Given material —
--------------------

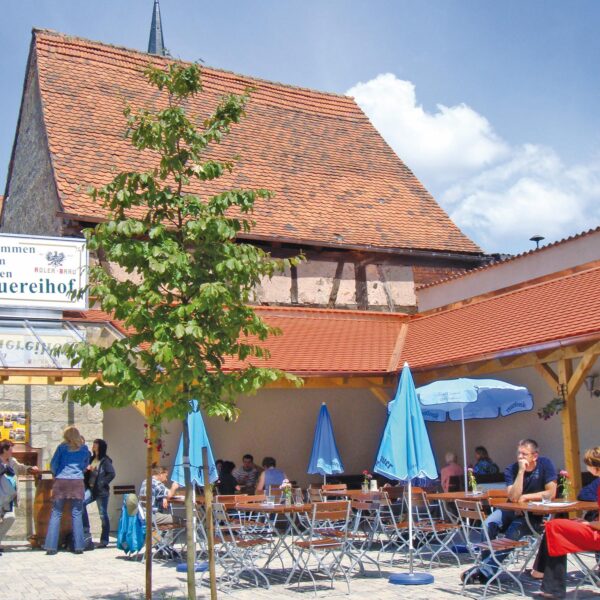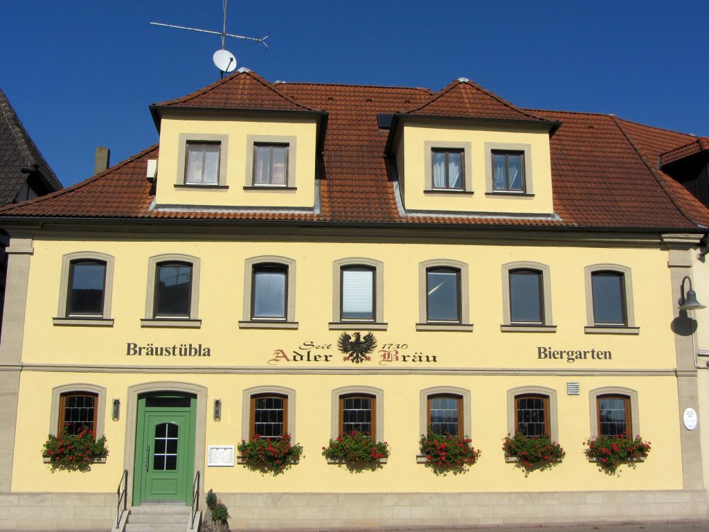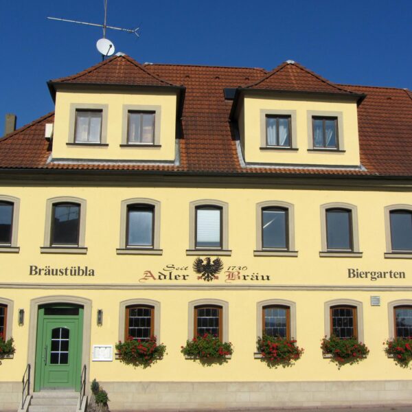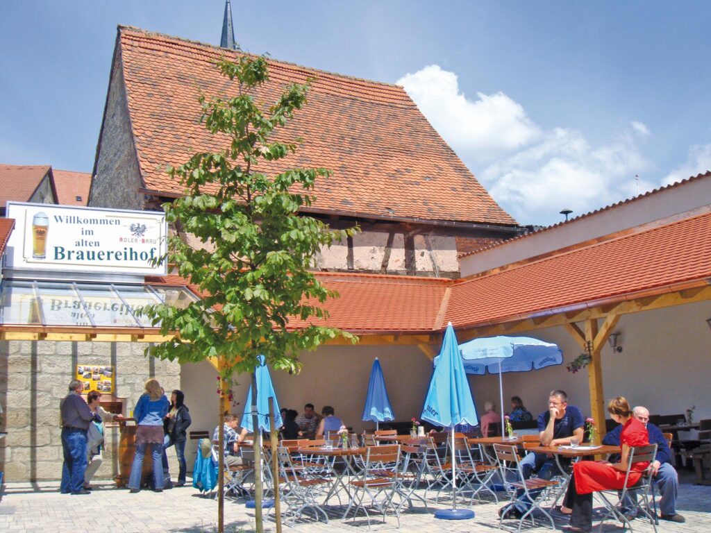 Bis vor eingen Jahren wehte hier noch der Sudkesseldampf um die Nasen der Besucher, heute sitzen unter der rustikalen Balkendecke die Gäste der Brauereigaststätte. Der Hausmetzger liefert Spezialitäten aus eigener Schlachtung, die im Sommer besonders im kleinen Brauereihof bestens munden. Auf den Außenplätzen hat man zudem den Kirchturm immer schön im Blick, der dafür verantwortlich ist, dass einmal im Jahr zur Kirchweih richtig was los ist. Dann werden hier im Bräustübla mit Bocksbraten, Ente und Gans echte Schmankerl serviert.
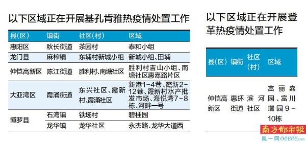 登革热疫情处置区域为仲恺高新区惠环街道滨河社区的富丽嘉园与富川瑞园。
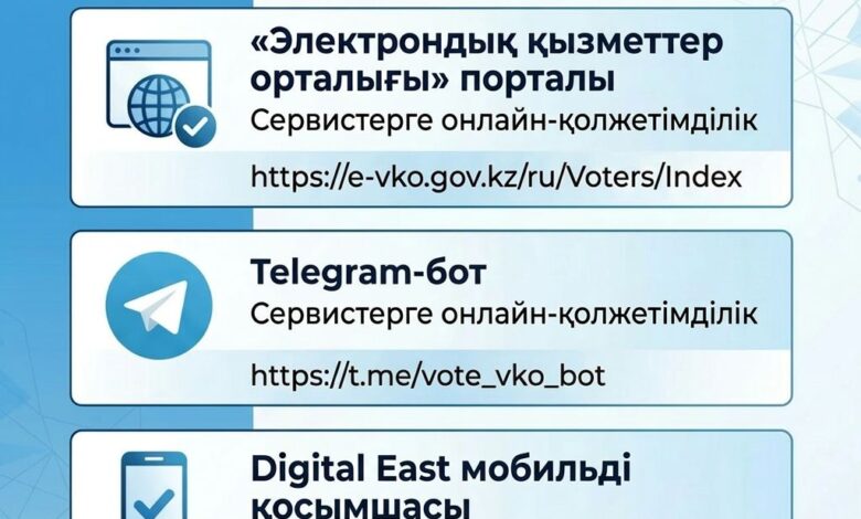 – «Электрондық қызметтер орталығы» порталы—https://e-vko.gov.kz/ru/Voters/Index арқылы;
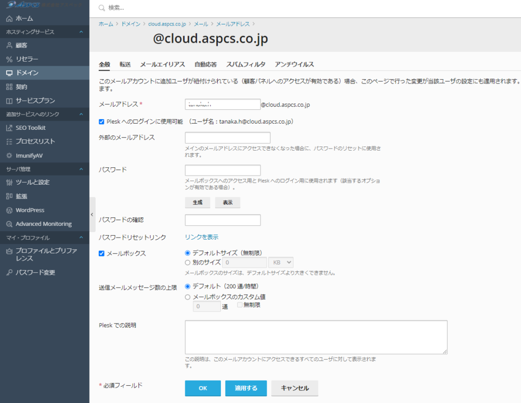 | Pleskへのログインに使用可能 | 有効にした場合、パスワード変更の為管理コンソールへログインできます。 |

--------------------

What is being asked —
Write the lines out word for word, starting at the one with "登革热疫情处置区域为仲恺高新区惠环街道滨河社区的富丽嘉园与富川瑞园。" and stopping after the last line of the material above, with pictures excluded.

Output below —
 登革热疫情处置区域为仲恺高新区惠环街道滨河社区的富丽嘉园与富川瑞园。
 – «Электрондық қызметтер орталығы» порталы—https://e-vko.gov.kz/ru/Voters/Index арқылы;
 | Pleskへのログインに使用可能 | 有効にした場合、パスワード変更の為管理コンソールへログインできます。 |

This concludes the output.